4. Pemandu adalah orang setempat (nilai partisipasi masyarakat)

5. Perintisan, pengelolaan dan pemeliharaan obyek wisata menjadi tanggung jawab masyarakat setempat, termasuk penentuan biaya (=fee) untuk wisatawan (nilai ekonomi dan wisata).

Ekowisata dan konservasi Sejak 1970an, organisasi konservasi mulai melihat ekowisata sebagai alternatif ekonomi yang berbasis konservasi karena tidak merusak alam ataupun tidak “ekstraktif” dengan berdampak negatif terhadap lingkungan seperti penebangan dan pertambangan. Ekowisata juga dianggap sejenis usaha yang berkelanjutan secara ekonomi dan lingkungan bagi masyarakat yang tinggal di dalam dan di sekitar kawasan konservasi. Namun agar ekowisata tetap berkelanjutan, perlu tercipta kondisi yang memungkinkan di mana masyarakat diberi wewenang untuk mengambil keputusan dalam pengelolaan usaha ekowisata, mengatur arus dan jumlah wisatawan, dan mengembangkan ekowisata sesuai visi dan harapan masyarakat untuk masa depan. Ekowisata dihargai dan dkembangkan sebagai salah satu program usaha yang sekaligus bisa menjadi strategi konservasi dan dapat membuka alternatif ekonomi bagi masyarakat. Dengan pola ekowisata, masyarakat dapat memanfaatkan keindahan alam yang masih utuh, budaya, dan sejarah setempat tanpa merusak atau menjual isinya.

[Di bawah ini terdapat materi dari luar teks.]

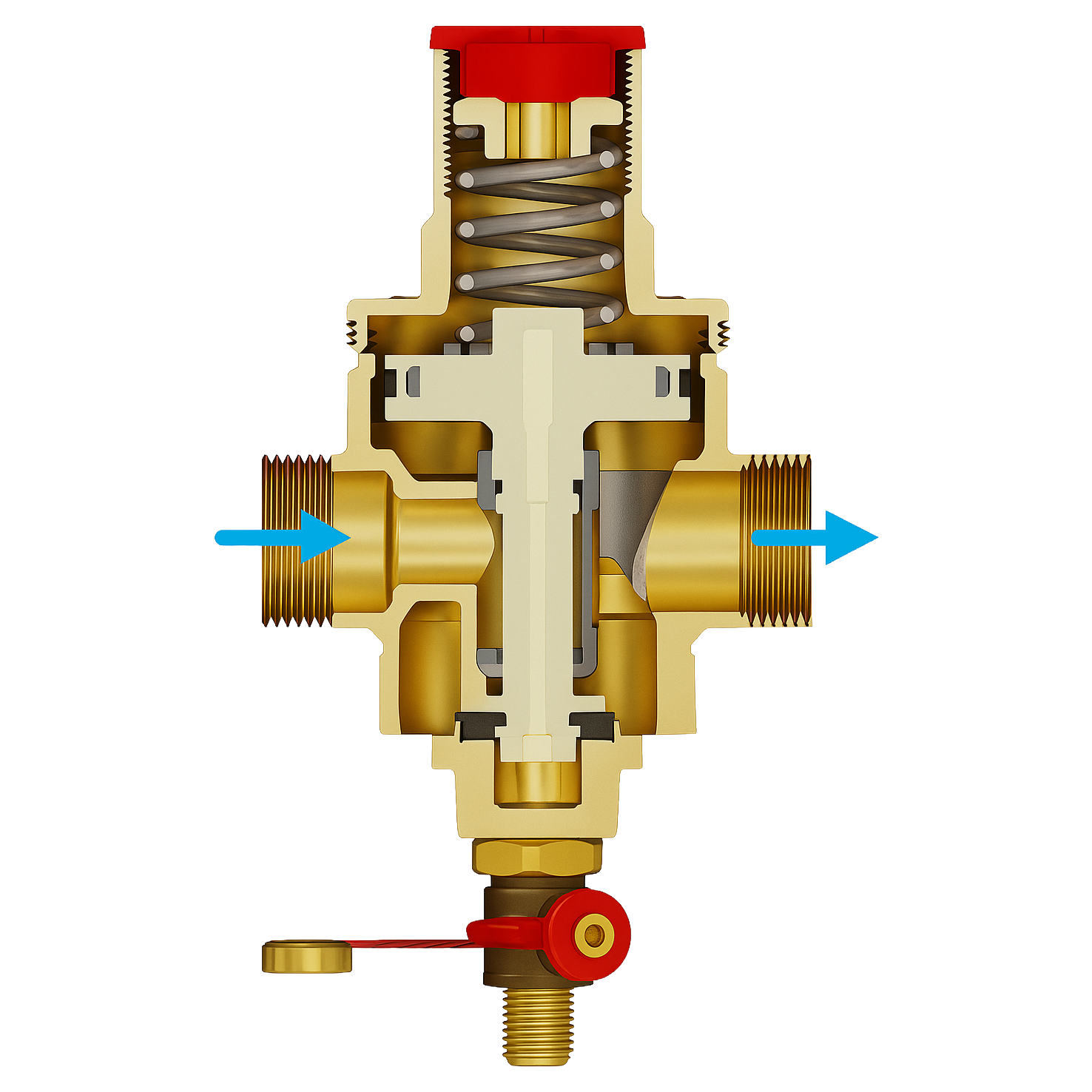 Corpul reductorului este fabricat din alama nichelata, cu piston din tehnopolimer ranforsat cu fibra de sticla si garnituri din EPDM. Suprafata de etansare din otel inoxidabil AISI 303 asigura durabilitate si performanta constanta in timp.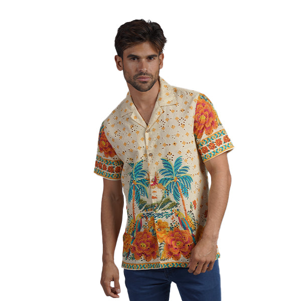 Calvaria Limited Edition Jacquard Button Down Shirt - White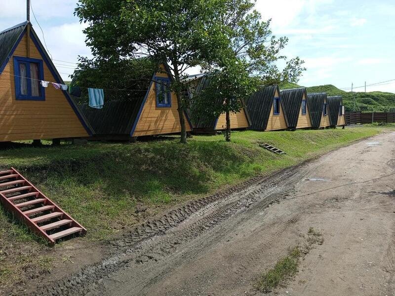 Коттеджи располагаются напротив волейбольной площадки, в центре турбазы. А из окон комнат на втором этаже открывается живописный вид на море. Комнаты укомплектованы холодильником, столом, лавочками или табуретками, розеткой, тремя местами для сна.

Sarana dan penyediaan jasa pendukung dalam mengembangkan ekowisata yang bernilai konservasi dan ekonomi tinggi Industri parawisata adalah industri yang diperkirakan akan terus berkembang, dan nuansa alam dalam industri ini akan semakin jauh meningkat. Ekowisata dapat menciptakan nilai ekonomis bagi kawasan- kawasan konservasi. Agar bisnis ekowisata dapat menguntungkan sebagai mana yang diharapkan, beberapa kondisi harus diciptakan, yaitu antara lain:

1. Meningkatkan dan menambah sarana prasarana pendukung serta mendorong terbuka dan terhubungnya akses ke/dari dan antar daerah tujuan ekowisata tanpa merusak aset utama ekowisata yaitu alam yang asli melalui peningkatan dan optimalisasi jalur transportasi udara.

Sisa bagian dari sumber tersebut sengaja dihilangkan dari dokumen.